The size of a company in terms of net asset value is a crucial factor that is often overlooked. Larger investment companies tend to grow, while smaller ones may struggle or undergo restructuring.
It’s essential to consider the management fees of investment companies. Low fees are crucial, as high costs tend to lead to underperformance.
Many investment companies offer decent dividends to shareholders. If you’re a fan of dividends, investing in companies trading at a discount with dividend-paying holdings can be a way to receive discounted payouts.
Information on investment companies can be found through sources like IB Index, where you can compare their reported net asset value discounts and trends. Additionally, IB Index is an index of Swedish investment companies weighted by net asset value discounts.
In conclusion, balancing concentration and diversification, monitoring financial risks, considering company size, and keeping management fees low are essential for maximizing returns in your investment portfolio. Stay informed and make strategic decisions based on thorough research to achieve your financial goals. Title: Unprecedented Market Volatility: Expert Analysis and Recommendations for Investors
As the world’s leading investment manager and financial market journalist, I am here to provide you with crucial insights into the current state of market volatility. In this article, we will delve into the reasons behind the recent fluctuations in the financial markets and provide expert recommendations for investors looking to navigate these uncertain times.

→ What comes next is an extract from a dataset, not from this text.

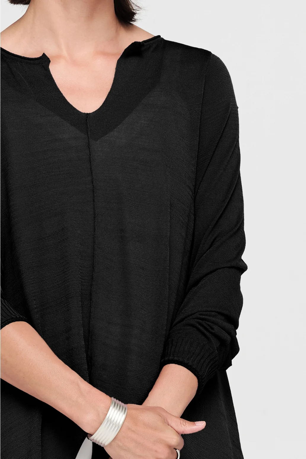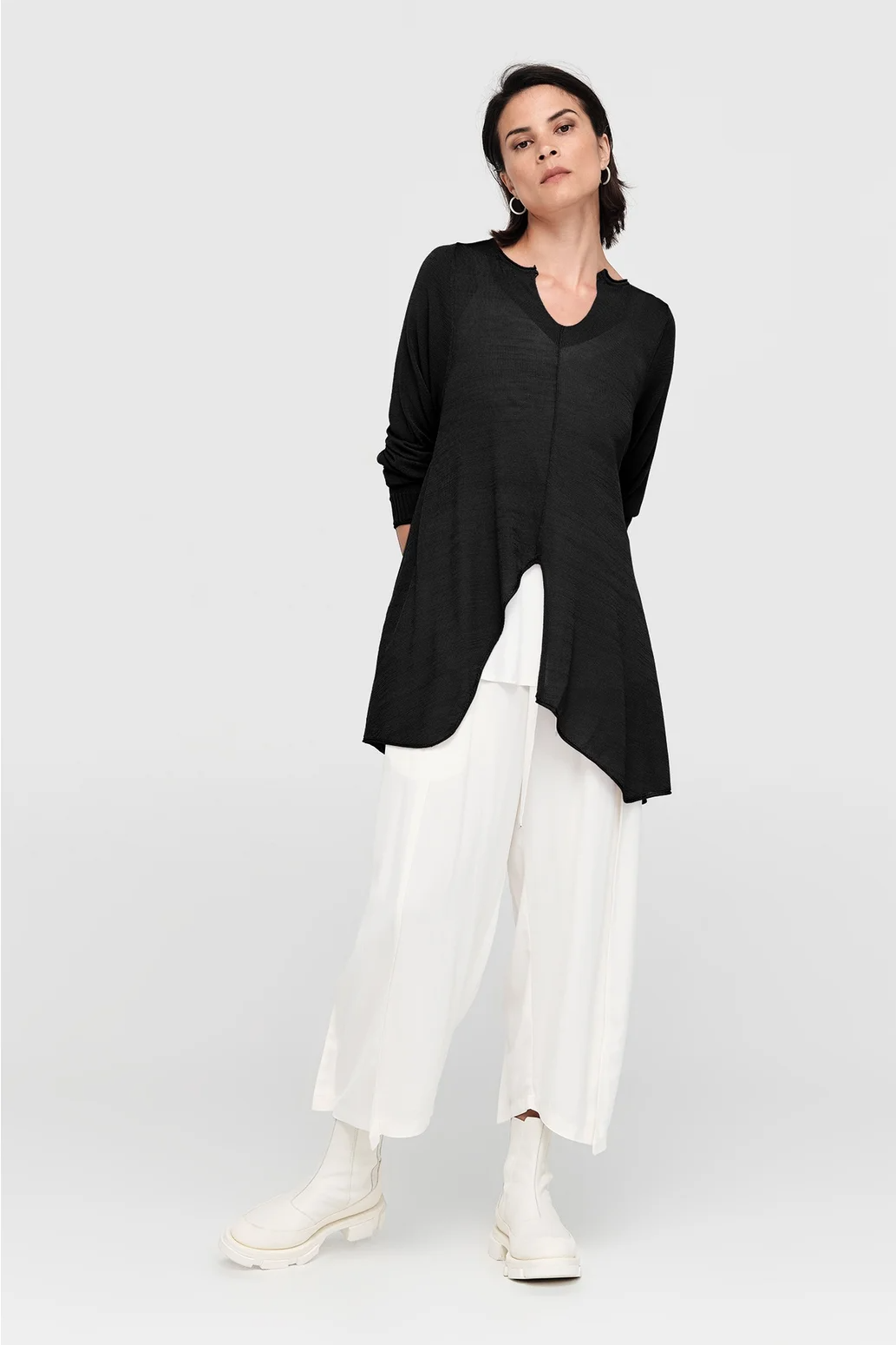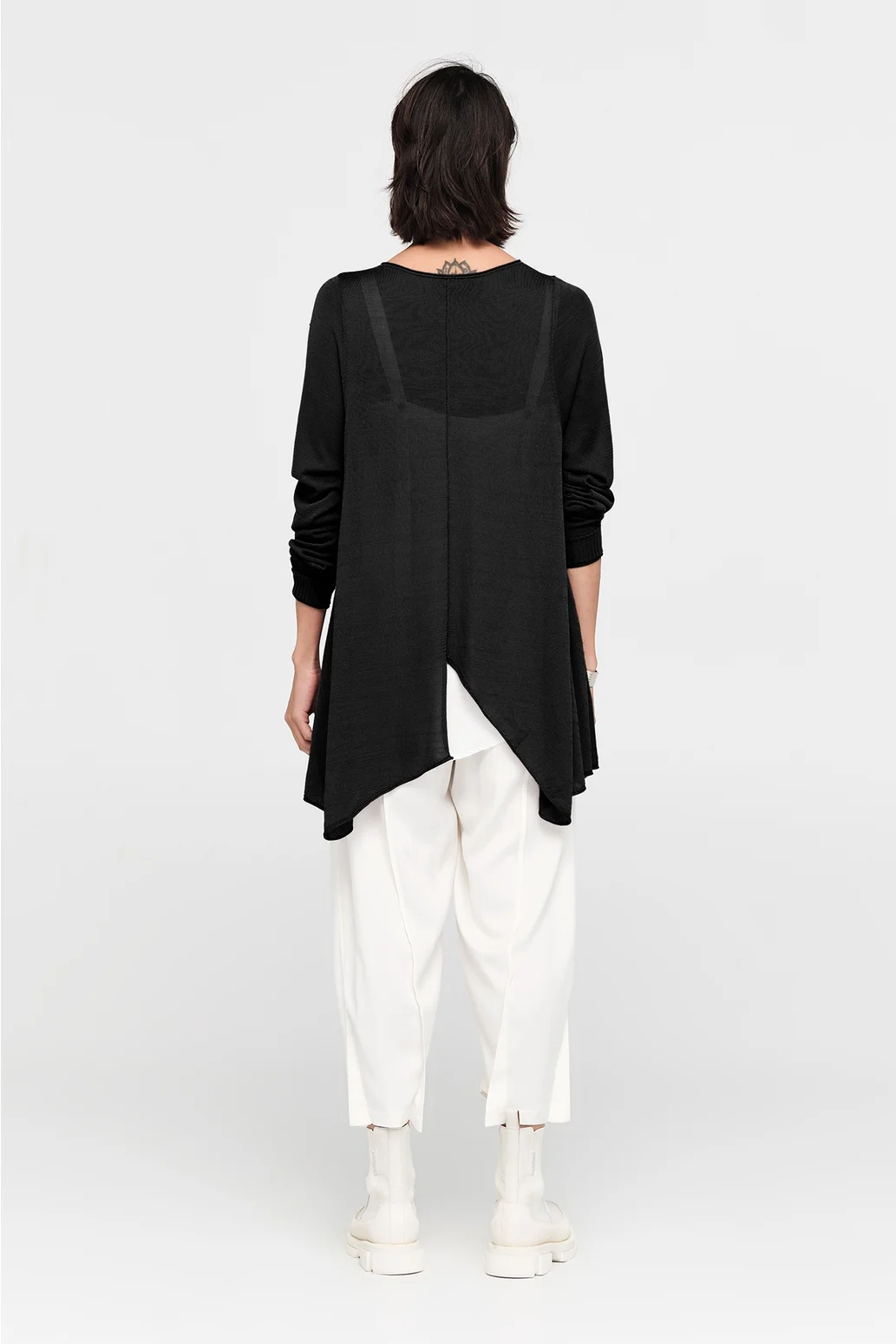 The Encased Sweater brings a sense of ease with its fluid form and refined details. Featuring an asymmetric hemline and a softly shaped V-neck, this piece is finished with natural rolling at the neckline and cuffs. A lightweight layer to carry you through the seasons, it’s ideal for pairing with relaxed tailoring or layered over longer lines for textural play.

Market volatility has reached unprecedented levels in recent weeks, with wild swings in stock prices and heightened levels of uncertainty plaguing investors. The ongoing global pandemic, geopolitical tensions, and economic uncertainty have all contributed to this heightened volatility, leaving many investors unsure of how to proceed.
For investors looking to weather the storm, it is crucial to remain calm and avoid making hasty decisions based on fear or speculation. Instead, consider diversifying your portfolio to mitigate risk and potentially increase returns. Additionally, staying informed about market trends and seeking guidance from financial professionals can help you make well-informed decisions during turbulent times.
In conclusion, while market volatility may be unsettling, it also presents opportunities for savvy investors to capitalize on mispriced assets and potential market inefficiencies. By remaining informed, staying disciplined, and seeking guidance when needed, investors can navigate turbulent market conditions with confidence and potentially emerge stronger in the long run.
(Image source: [insert image here])
Analysis:
This article provides valuable insights into the current state of market volatility and offers expert recommendations for investors looking to navigate these uncertain times. By understanding the reasons behind market fluctuations and following the provided recommendations, investors can make well-informed decisions to potentially mitigate risk and capitalize on opportunities during turbulent market conditions. Ultimately, staying informed, remaining disciplined, and seeking guidance when needed can help investors navigate market volatility with confidence and potentially improve their financial outcomes.